As written and without pictures, set down the lines from the one that contains "Foto yang diabadikan" through the end of the data.

::::::::::

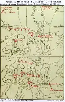 Units of the 4th Cavalry Division continued the advance southwards from Beisan on 24 September, after rations had been distributed. At 10:35 an observation post sighted a column of Ottoman soldiers making for a ford across the Jordan River at Makhadet el Mas'udi, where the Ottoman advanced guard arrived and deployed its machine guns to cover the escape of a larger body of Ottoman troops across another ford 1 mile (1.6 km) further south.[Note 11] (See Falls Sketch Map 36 Detail 'A' Situation at 11:00) The 1/1st County of London (Middlesex) Yeomanry attack at Makhadet el Mas'udi ford succeeded at 12:30, while the 29th Lancers reinforced the Yeomanry attack on the main column, capturing a total of 5,000 prisoners, including an Ottoman divisional commander, with many dead.[73][74]
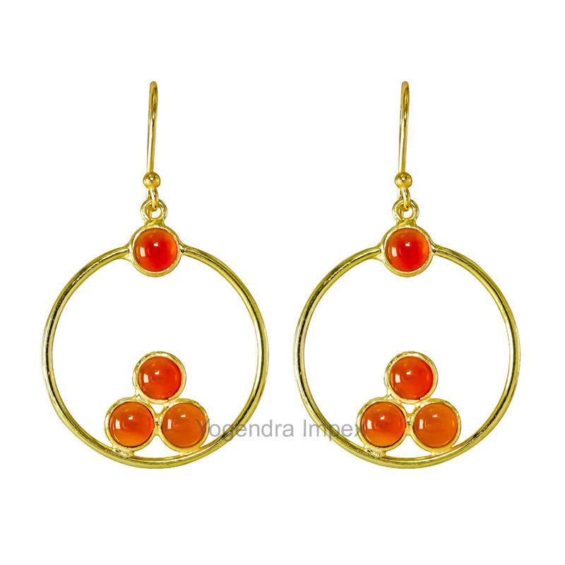 พลอยคาร์เนเลี่ยนธรรมชาติเกรด925ต่างหูเงินสเตอร์ลิงต่างหูโบโฮ/พลอยสีเหลืองทรงกลมต่างหูแฟชั่นแบบห้อยสำหรับผู้หญิง
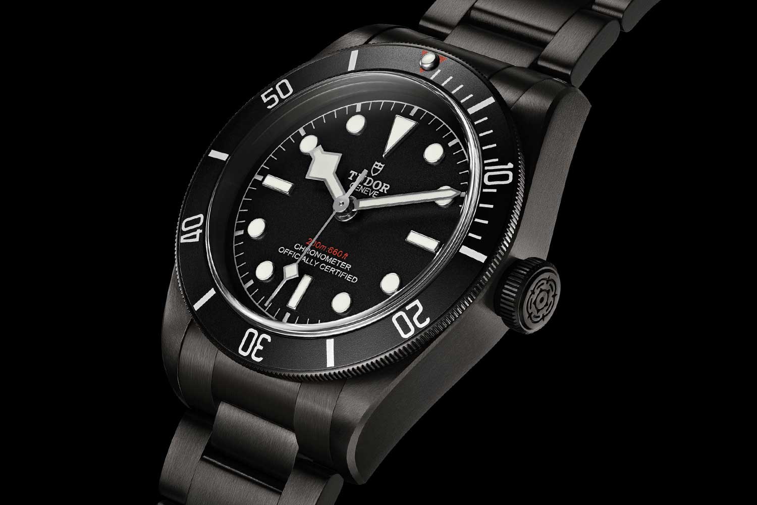 TiC is type of PVD that employs titanium carbide and is the finish chosen by Tudor for its new series of all-black Black Bay Dark. It was preferred, says Tudor, because “it has been found to be very hard — 10 times harder than steel — but it is less brittle than DLC (Diamond Like Carbon). This is important on TUDOR divers’ watches as pressure can distort the case and cause issues with coatings coming free.” Notable, too, is the super-smooth finish.
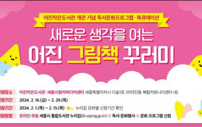 세종시립도서관이 내달 1일부터 ‘2024년 어진작은도서관 개관 기념 독서문화 프로그램’에 참여할 수강생을 모집한다. 이번 프로그램은 볼로냐 라가치상을 2회 수상한 정진호 작가의 초청 강연, 세종시청자미디어센터 연계 강좌 등 6개 강좌로 운영된다. ‘
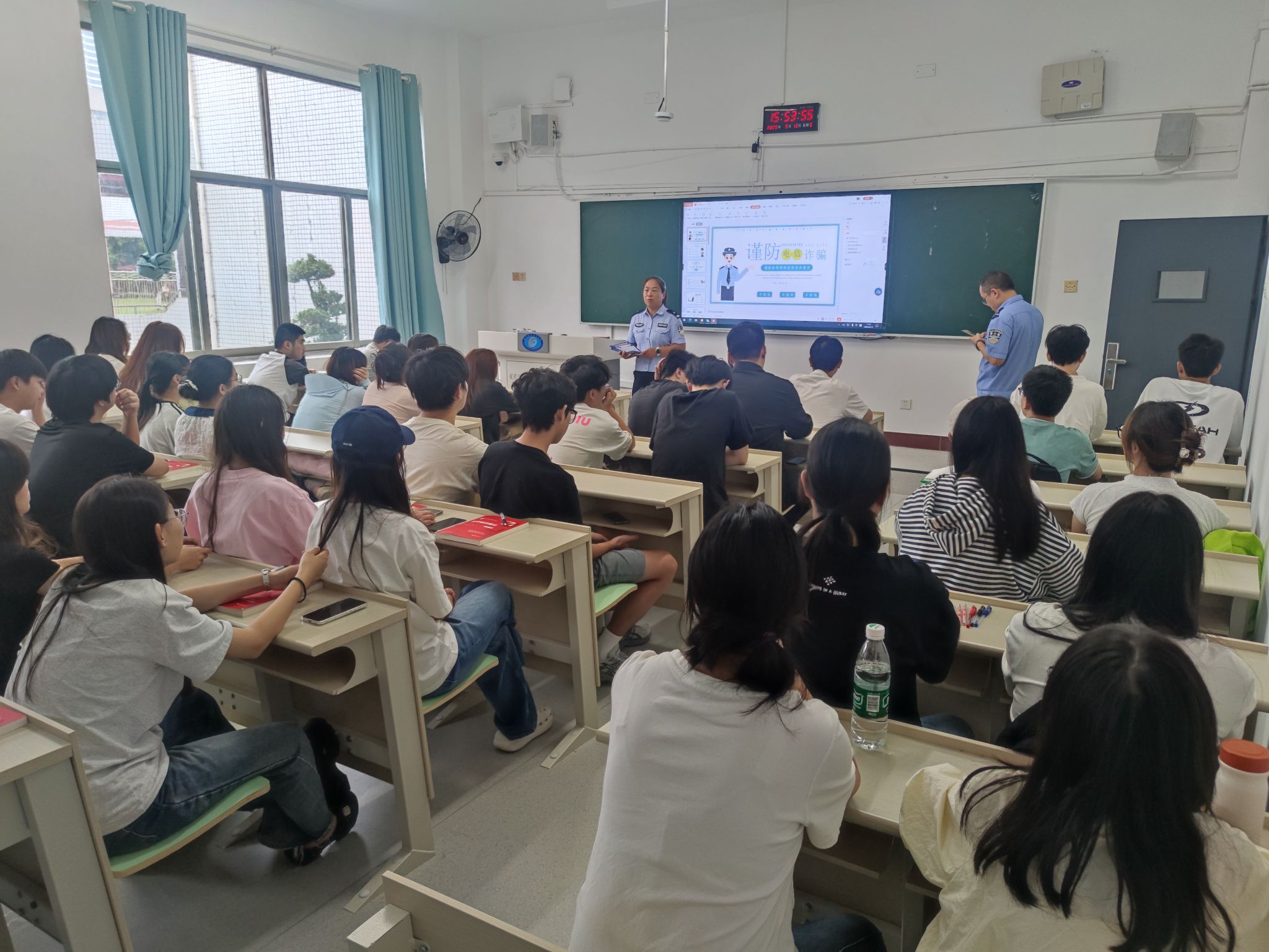 (本网讯)为切实提高学生防范电信网络诈骗的意识和能力,9月19日,学校保卫部联合长沙市公安局岳麓分局咸嘉湖派出所开展“反诈宣讲进班会”活动,通过民警讲解案例、互动答疑等形式,为同学们送上生动的反诈“必修课”。
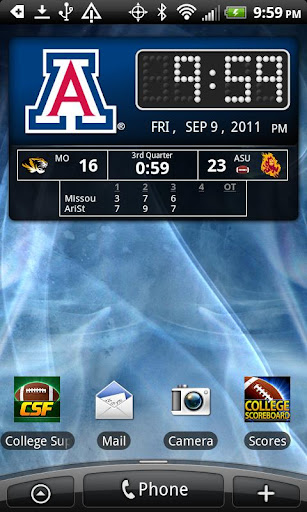 **7 Day Free Trial!** Official Arizona Wildcats Live Clock, with college football and basketball scores below the clock when games are in progress. This widget lets you replace the standard clock in your phone with a custom Arizona Wildcats clock, with instant access to scores, schedules and news (as well as other conferences). You don’t even need to open the app to see live scores—they appear automatically during live games. When no games are on, you’ll see the latest news headlines below the clock.
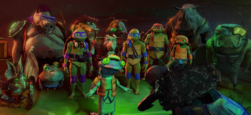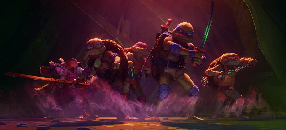 Es así como detrás del genio criminal Superfly (Ice Cube), las tortugas descubren una comunidad tan distinta al mundo de los humanos como son ellos mismos, pero que al mismo tiempo representa una amenaza a todo lo que conocen. Aparece entonces un colorido elenco de criaturas entre los que se destacan Ray Fillet (Post Malone), Wingnut (Natasia Demetriou), Leatherhead (Rose Byrne), Rocksteady (John Cena), Bebop (el productor y co-escritor de la película, Seth Rogen) y un Paul Rudd como el simpatiquísimo Mondo Gecko. La búsqueda por aquello que consideramos nuestro lugar en el mundo y el dolor de encontrarse marginado se plantea desde un lugar simple pero muy honesto. Paralelamente se desarrolla lo que es sin duda el corazón de la historia, un relato también sobre pertenencia pero enfocado en la familia. Parte del peso de este coming of age recae en un Splinter muy aprovechado, que debe lidiar con como sus hijos están creciendo y aprender a confiar en sus decisiones.
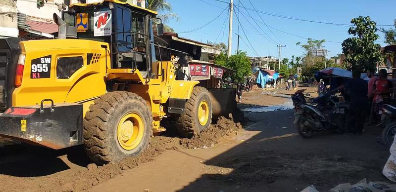 Foto yang diabadikan pada 2 Desember 2025 ini menunjukkan ekskavator dari Sany Indonesia sedang membersihkan lumpur dan kayu yang menghalangi jalan pascabanjir di Kabupaten Pidie Jaya, Provinsi Aceh. (Xinhua)
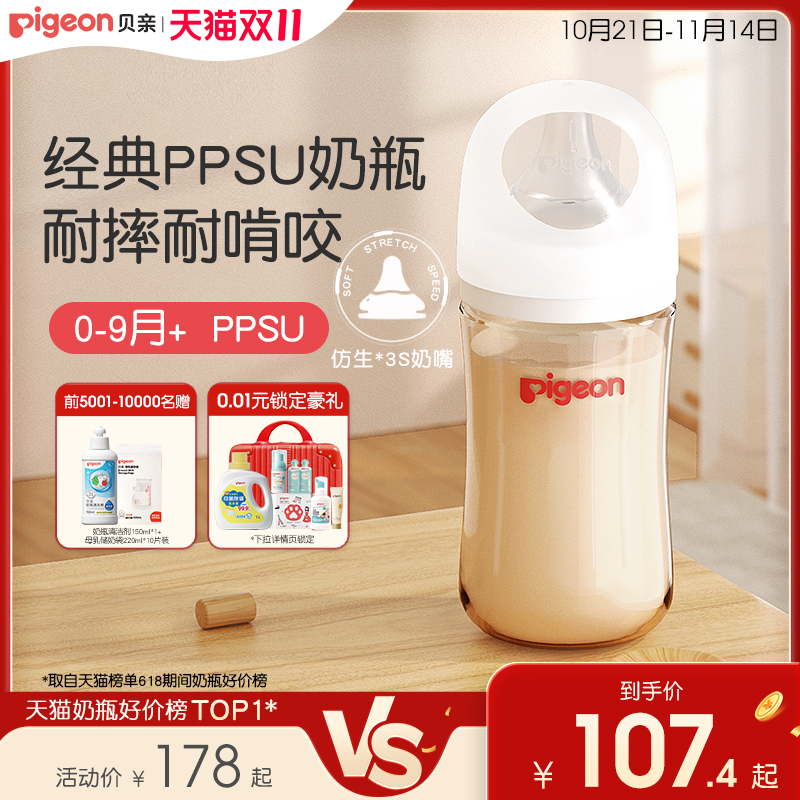 Pigeon贝亲奶瓶婴儿宽口径PPSU奶瓶新生儿奶瓶0-6-9M+
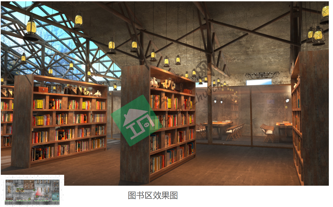 ? ? ? 書館室內總面積1030.35㎡,室內風格為工業風;同時極大保留原建筑歷史感突顯原有木結構屋頂;拆除中間部分瓦頂,改為鋼結構夾膠玻璃,保留原有建筑特色的同時極大的提高室內整體采光。增加LED燈、壁燈、臺燈、落燈,提升室內空間層次感。

::::::::::

## [Written reply]
 Foto yang diabadikan pada 2 Desember 2025 ini menunjukkan ekskavator dari Sany Indonesia sedang membersihkan lumpur dan kayu yang menghalangi jalan pascabanjir di Kabupaten Pidie Jaya, Provinsi Aceh. (Xinhua)
 Pigeon贝亲奶瓶婴儿宽口径PPSU奶瓶新生儿奶瓶0-6-9M+
 ? ? ? 書館室內總面積1030.35㎡,室內風格為工業風;同時極大保留原建筑歷史感突顯原有木結構屋頂;拆除中間部分瓦頂,改為鋼結構夾膠玻璃,保留原有建筑特色的同時極大的提高室內整體采光。增加LED燈、壁燈、臺燈、落燈,提升室內空間層次感。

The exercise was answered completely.